84.JOUW KUNSTWERK MAG NIET VERLOREN GAAN”
In mei 1814 kreeg ik bezoek van Idsert van Humalda. Enkele
maanden eerder was hij benoemd tot Gouverneur van de provincie Friesland.
Hij kwam, zou je kunnen zeggen met
twee petten op. Met de vriendenpet informeerde hij hoe het met ons persoonlijk ging na het overlijden van beide Jeltes en als Gouverneur was hij geïnteresseerd in het wel en wee van de stad Franeker na sluiting van de universiteit.
“Ik heb de indruk”, vertelde ik Idsert, “dat de stad met het verlies van de universiteit het geloof in zichzelf heeft
verloren.

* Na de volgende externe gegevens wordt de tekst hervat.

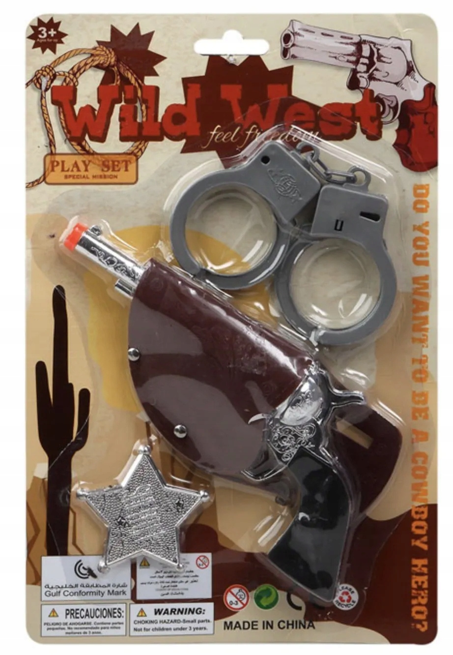 ZESTAW KOWBOJ PISTOLET KABURA ODZNAKA KAJDANKI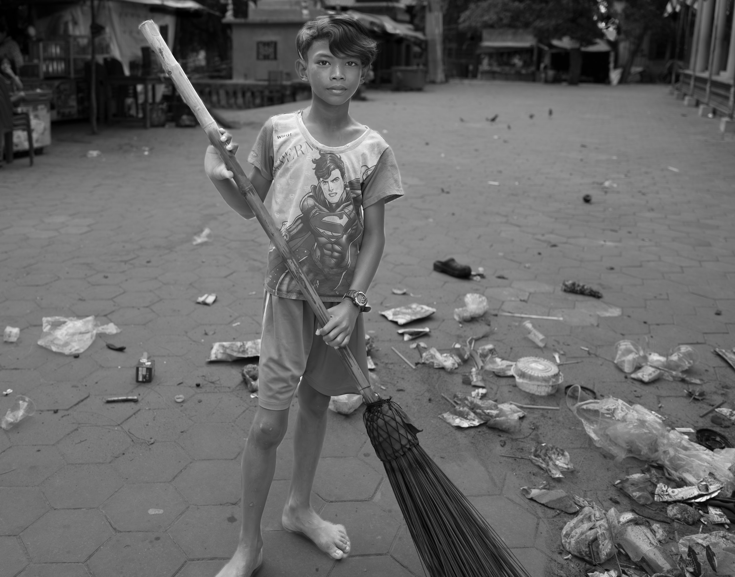 Beautiful boy cleaning trash near the pagoda,Tonle Lake floating village, Cambodia

Na de sluiting zijn vrijwel alle professoren en studenten vertrokken, het Anatomisch Theater en het Theatrum Physicum zijn gesloten en de Hortus is veranderd in een wildernis en ik vrees dat het Museum Camperianum en mijn planetarium een zelfde lot
zal treffen.
De zeventiger jaren van de vorige eeuw waren nog gouden jaren voor onze stad, maar daarna is alles snel achteruit gegaan.
Ooit was Franeker een centrum van wetenschap en cultuur en grote geleerden als Camper, Van Swinden, Hemsterhuis en vele anderen, zelfs beroemde wijsgeren als Descartes
en Locke kwamen in een ver verleden naar onze stad.
En kijk eens hoe de stad er nu bij ligt: de verpaupering grijpt om zich heen.
Nog niet zolang geleden hadden we hier negen prachtige Stinzen en nu nog vijf, maar hoe lang nog?
Het ergste is dat het de meeste mensen koud laat.
Er zijn er zelfs die de komeet van 1811 erbij halen als oorzaak van alle ellende”.
“Als Gouverneur van Friesland”, antwoordde Idsert, “kan ik de problemen niet oplossen, maar één ding weet
ik heel zeker: jouw planetarium zal nooit verdwijnen, daar zal ik mij persoonlijk voor inzetten.”
Hij vertelde dat
hij nauwe contacten met Koning Willem I onderhield en dat hij had meegewerkt aan het opstellen van een nieuwe grondwet.
“Ik had nooit kunnen denken, zelfs niet kunnen dromen, dat de Koning en
de Gouverneur nog eens echte patriotten zouden worden”, merkte ik op.
“Patriotten Eise, hoe bedoel je?” reageerde Idsert verbaasd.
“Jij begrijpt heel goed wat ik bedoel Idsert, want jullie hebben ons werk omgesmeed tot een democratische beweging. Waar wij vanaf de 80er jaren van de vorige eeuw voor hebben
gestreden, hebben jullie nu vastgelegd in een nieuwe grondwet.
Spinoza, Locke, Voltaire en Montesquieu zijn voor mij de architecten van deze nieuwe orde.
Zij zouden met voldoening hebben vastgesteld dat de natuurrechten die God de mens heeft geschonken nu bij wet zijn vastgelegd: gelijkheid voor de wet, vrijheid van meningsuiting, scheiding van kerk en staat, opheffing van de gilden, afschaffing van adellijke
privileges en bescherming van persoonlijk eigendom.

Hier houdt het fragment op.